The February 1974 Dissolution Honours List was issued on 2 April 1974 following the dissolution of the United Kingdom parliament in preparation for a general election.

Life Peers

Baronesses
 Mervyn Pike, Member of Parliament for the Melton Division of Leicestershire 1956-74; Assistant Postmaster General 1959-63; Joint Parliamentary Under-Secretary of State, Home Office 1963-64.
 Rt Hon. Dame Margaret Patricia Hornsby-Smith , Member of Parliament for Chislehurst 1950-66 and 1970–74; Parliamentary Secretary, Ministry of Health 1951-57; Joint Parliamentary Under-Secretary of State, Home Office 1957-59; Joint Parliamentary Secretary, Ministry of Pensions and National Insurance 1959-61.

Barons
 Sir Tufton Victor Hamilton Beamish , Member of Parliament for the Lewes Division of, East Sussex 1945-74.
 Sir Richard Michael Fraser , Deputy Chairman of the Conservative Party Organisation since October 1964.
 Rt Hon. Geoffrey William Lloyd, Member of Parliament for Birmingham, Ladywood Division 1931-45, King's Norton Division 1950-55; Sutton Coldfield 1955-74; Minister of Fuel and Power 1951-55; Minister of Education 1957-59.
 Rt Hon. Ernest Marples, Member of Parliament for Wallasey 1945-74; Postmaster General 1957-59; Minister of Transport 1959-64.
 Rt Hon. Michael Antony Cristobal Noble, Member of Parliament for Argyllshire 1958-74; Secretary of State for Scotland 1962-64; Minister for Trade 1970-72.
 Rt Hon. Duncan Edwin Sandys , Member of Parliament for Norwood 1935-45; Streatham 1950-74; Minister of Works 1944-45; Minister of Supply 1951-54; Minister of Housing and Local Government 1954-57; Minister of Defence 1957-59; Minister of Aviation 1959-60; Secretary of State for Commonwealth Relations 1960-1964.
 Rt Hon. Sir Robert Hugh Turton , Member of Parliament for the Thirsk and Malton Division of Yorkshire 1929-74; Minister of Health 1955-57.

Privy Counsellors (PC)
 Betty Harvie Anderson , Member of Parliament for East Renfrewshire since 1959; Deputy Chairman of Ways and Means, House of Commons 1970-73.
 Rt Hon. Priscilla Jean Fortescue, Baroness Tweedsmuir of Belhelvie, Member of Parliament for Aberdeen South 1946-66; Minister of State, Scottish Office 1970-72; Minister of State, Foreign and Commonwealth Office 1972-74.
 James David Gibson-Watt , Member of Parliament for Hereford since 1956; Minister of State, Welsh Office 1970-74.

Knights Bachelor (Kt)
 Brian Caldwell Cook Batsford, Member of Parliament for Ealing South 1958-74; Assistant Whip 1962-64; Opposition Deputy Chief Whip 1964-67.
 Robert Chichester-Clark, Member of Parliament for Londonderry City and County 1955-74; Comptroller of H.M. Household 1961-64; Minister of State, Department of Employment 1972-74.
 Robert William Elliott , Member of Parliament for Newcastle upon Tyne North since 1957; Comptroller of H.M. Household 1970; Vice-Chairman, Conservative Party Organisation since 1970.
 Timothy Peter Geoffrey Kitson , Member of Parliament for Richmond, Yorkshire since 1959; Parliamentary Private Secretary to the Prime Minister 1970-74.
 Harold Brian Seymour Warren , Physician.

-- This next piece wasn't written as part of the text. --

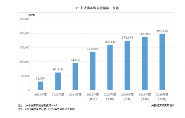 コード決済市場規模は、2026年度には19兆7,632億円まで拡大すると予測する。
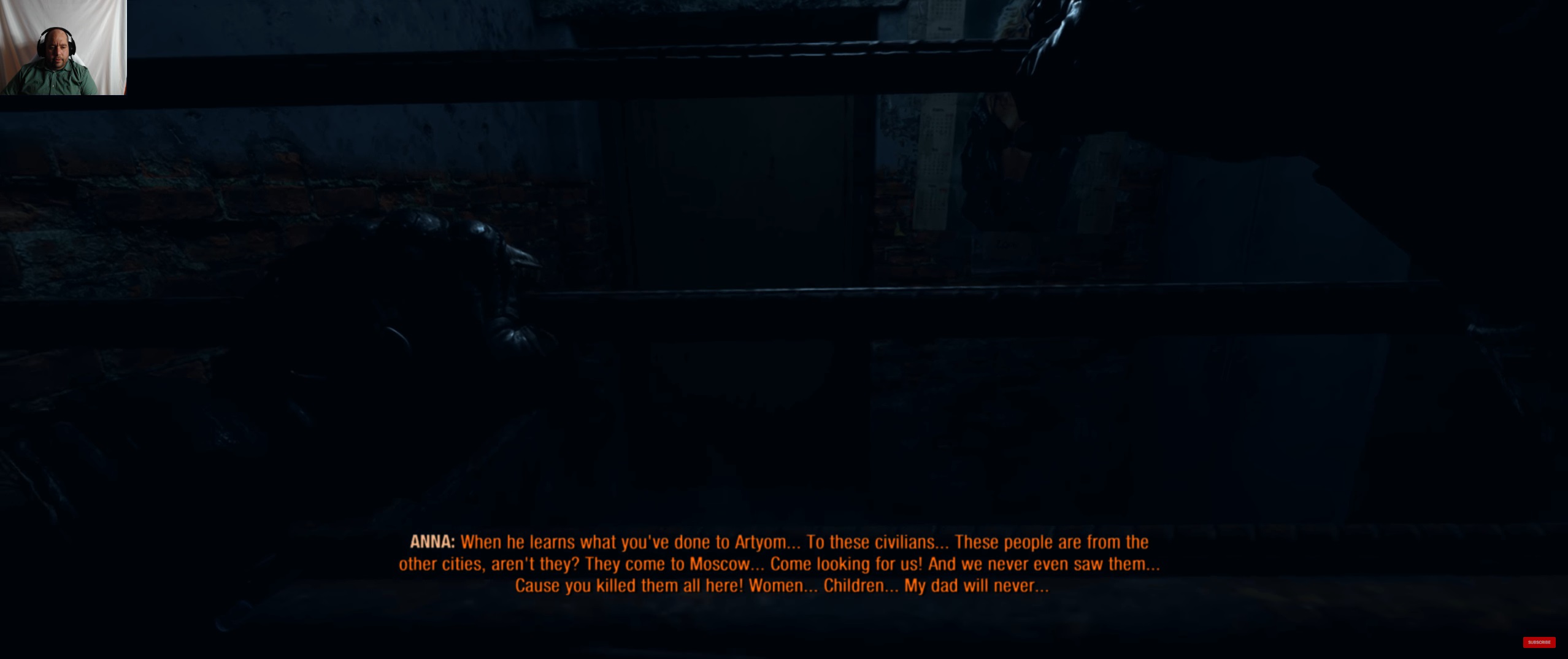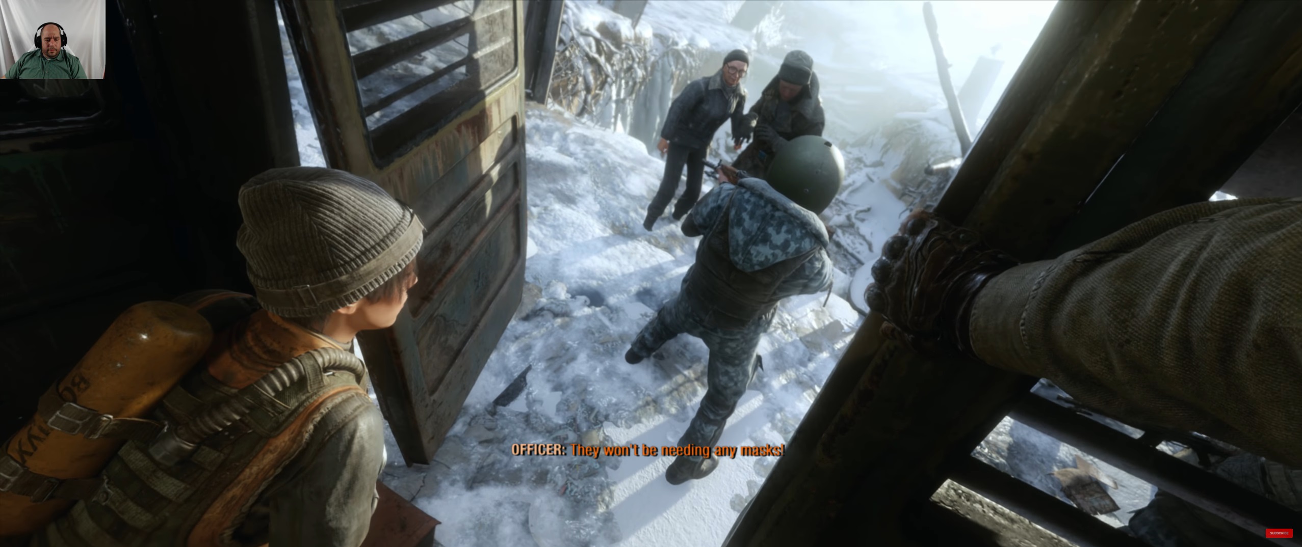 The van stops and we are pulled out of the van, the elderly couple first and Anna mentions about giving them their masks back, but the soldier states “They wont be needing any masks”, it looks like they are going to execute us…. But they don’t know, I am Artyom.

The Most Honourable Order of the Bath

Companions (CB)
Civil division
 Robert Temple Armstrong, Principal Private Secretary to the Prime Minister.

Order of St Michael and St George

Knights Commander (KCMG)
 Anthony Henry Fanshawe Royle , Member of Parliament for Richmond, Surrey since 1959; Parliamentary Under Secretary of State, Foreign and Commonwealth Office 1970-74.

Order of the Companions of Honour

Companions (CH)
 Rt Hon. Quintin McGarel, Baron Hailsham of Saint Marylebone , Lord High Chancellor of Great Britain 1970-74.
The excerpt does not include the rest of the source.